Build CUTLASS as you normally would, but with the two CUTLASS_LIBRARY_HEURISTICS flags shown above.
The exact problem JSON format is not specified here; the workflow refers to a list of GEMM problems expressed in JSON.

Quick start (minimal runnable example)

Prepare a GEMM problem list in JSON (the example in the source mentions a single FP16 GEMM with A transposed (tnn) or not, B in column-major, and C/D layouts).
Build CUTLASS with heuristics enabled using the commands shown in the previous section.
The build system will emit a CSV test list describing the emitted configurations for each GEMM problem.
Run the profiling flow with cutlass_profiler on the generated CSV to execute the candidate kernels.
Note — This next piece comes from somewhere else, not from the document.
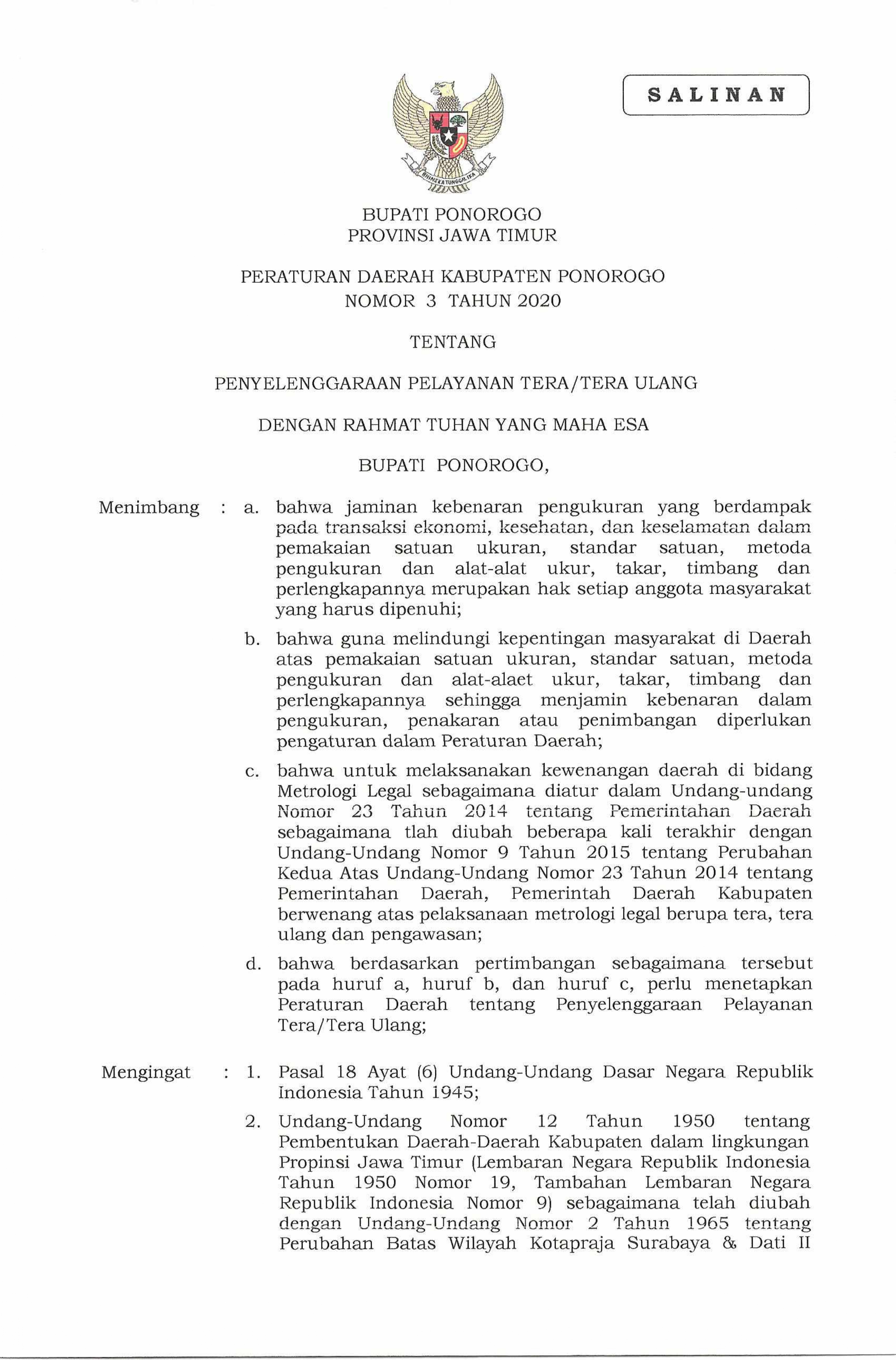 | Judul | Peraturan Daerah Nomor 3 Tahun 2020 Tentang Penyelenggaraan Pelayanan Tera/Tera Ulang |

For consistent results, use locked clocks during profiling.
Compare performance against an exhaustive baseline if you have one; in published cases, 16 candidate configurations reached 96% of peak performance with a fraction of the tuning time, and more candidates approached the exhaustive baseline while keeping significant time savings.

Pros and cons

Pros
Huge reductions in build+tuning time vs exhaustive search
Near-peak performance with a small candidate set
Better experience for JIT and on-device/deployed pipelines
Static cluster-size options can improve compile-time predictability and performance
Cons
Requires format and integration of a GEMM problem list in JSON
Early-access feature; availability and APIs may evolve
Still dependent on hardware capabilities and problem characterization accuracy

Alternatives (brief comparisons)

Exhaustive search: guarantees finding the best kernel but at very high cost in time and resources (examples show >700 minutes in some workloads).
Heuristic-based with static cluster sizes (precompiled): can achieve strong performance but relies on compile-time choices and may reduce runtime flexibility.
Dynamic/Blackwell-style precompiled kernels: commonly used in CUTLASS; allow run-time adaptation but may incur runtime tuning penalties; nvMatmulHeuristics aims to shift more work to static/compile-time decisions.

Pricing or License

nvMatmulHeuristics is described as a core part of cuBLAS heuristics and is available in early access for general use, with integration into CUTLASS. No pricing information is provided in the source.